Understanding exposure, contact tracing for families

LIMITING EXPOSURE: A COVID-19 testing site staff member gives a self-administered test kit to a person in their car at a drive-up testing site in Los Angeles, California, Nov. 17. As coronavirus cases spike across California and the country officials are raising the alarm and admonishing people to avoid large indoor gatherings during the Thanksgiving holiday. Robyn Beck /AFP via Getty Images/Tribune News Service

Dear Mayo Clinic: I have two children back in school. Recently, I got a note that one of their teachers was quarantined due to exposure to COVID-19. The school says it's proceeding with contact tracing, and, for now, my child does not have to stay home. Can you explain the term, why it's important and if I should be worried?

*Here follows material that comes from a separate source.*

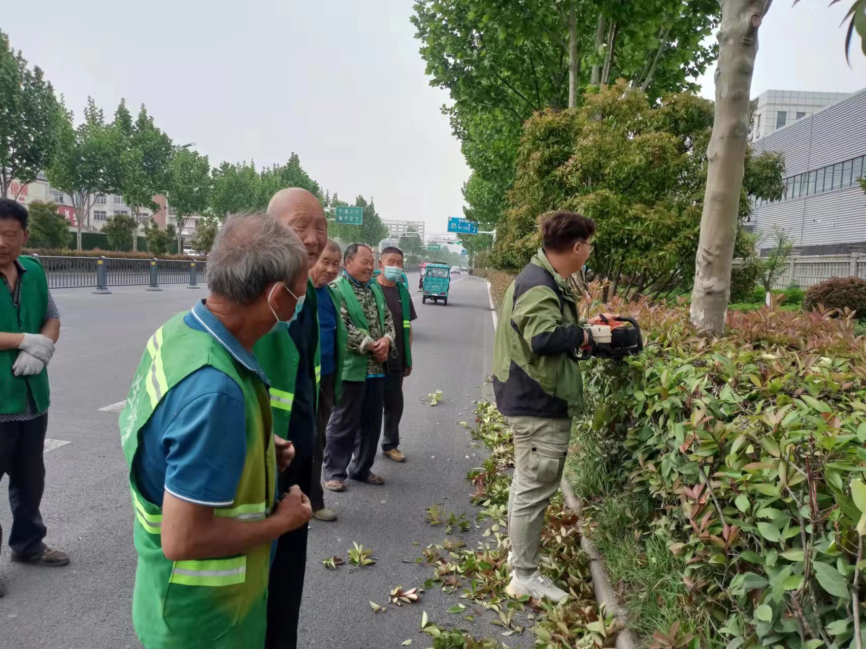 按项目管理要求,合肥市蜀山区的李显飞、梁森定期给现场工人培训。近期,春季修剪工作频繁,有针对性的培训,能减少工作中事故的发生,同时保障修剪质量。

Answer: As a parent, I'm sure that the ongoing COVID-19 pandemic has been stressful, especially as a family with school-aged children who may have had to learn new routines in recent weeks or months. It also can be challenging – and quite concerning – when we learn that someone close to us has become ill. I myself had a similar experience in my family.

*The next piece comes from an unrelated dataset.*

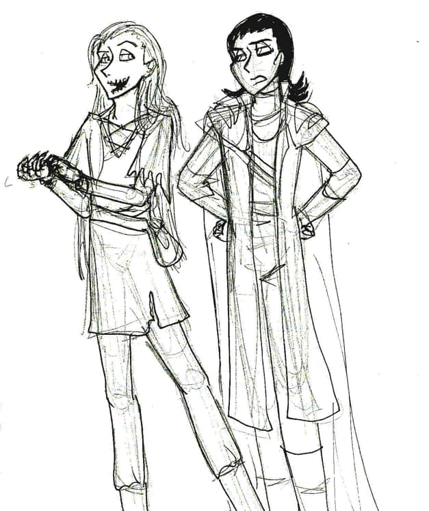 Myth!Loki and Marvel!Loki. way too lazy to color this one. all I will say is that two Lokis in one spot is way, way too many Lokis

As positive COVID-19 cases spike across the country, the role of contact tracing becomes even more important. Contact tracing is the process of identifying those who may have been exposed to someone with a virus, whether COVID-19 or another illness. Contact tracing helps public health professionals assess the risk of a person's exposure and aids in facilitating quarantine when indicated. Mayo Clinic has developed digital tools to conduct contact tracing for our health care workers more effectively, and public health departments and schools across the country are finding innovative ways to do thorough contact tracing.

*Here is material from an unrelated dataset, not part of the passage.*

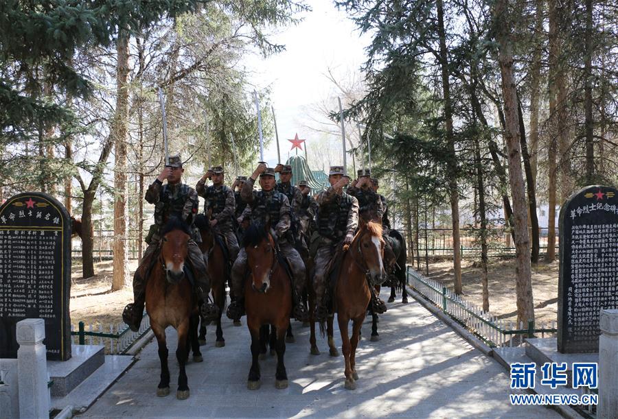 第76集团军某旅骑兵二营战士在青海省黄南州同仁县烈士陵园以骑兵举刀礼向先烈们敬礼(4月2日摄)。

Over the past several months, contact tracing has helped us better understand the spread of COVID-19. At the beginning of the pandemic, when few people were wearing masks and social distancing, people with COVID-19 infection typically had a lot of close contacts, meaning they potentially exposed a lot of people.

With the evolution of the pandemic, one thing that has changed in recent months is that there is an increased number of COVID-19-positive individuals.

Despite the surge, what we've learned with contact tracing is that, fortunately, each of those people has exposed either few others or sometimes they've exposed no other people. This is because they've maintained strict social distancing and have been diligent with masking and hand-washing.

Although it can be scary to hear that a teacher has been exposed to COVID-19, the steps taken for the teacher to quarantine at home and not teach children during the 14-day postexposure period is an important precaution to prevent transmission to students. If public health determines that the teacher has not yet acquired COVID-19 and was not communicable when in contact with students, your child would not be at risk of exposure. If the teacher was communicable while at work, contact tracing will allow the school and public health to assess risk to the students and teachers, and provide guidance which could include quarantine and/or testing of students as a precaution.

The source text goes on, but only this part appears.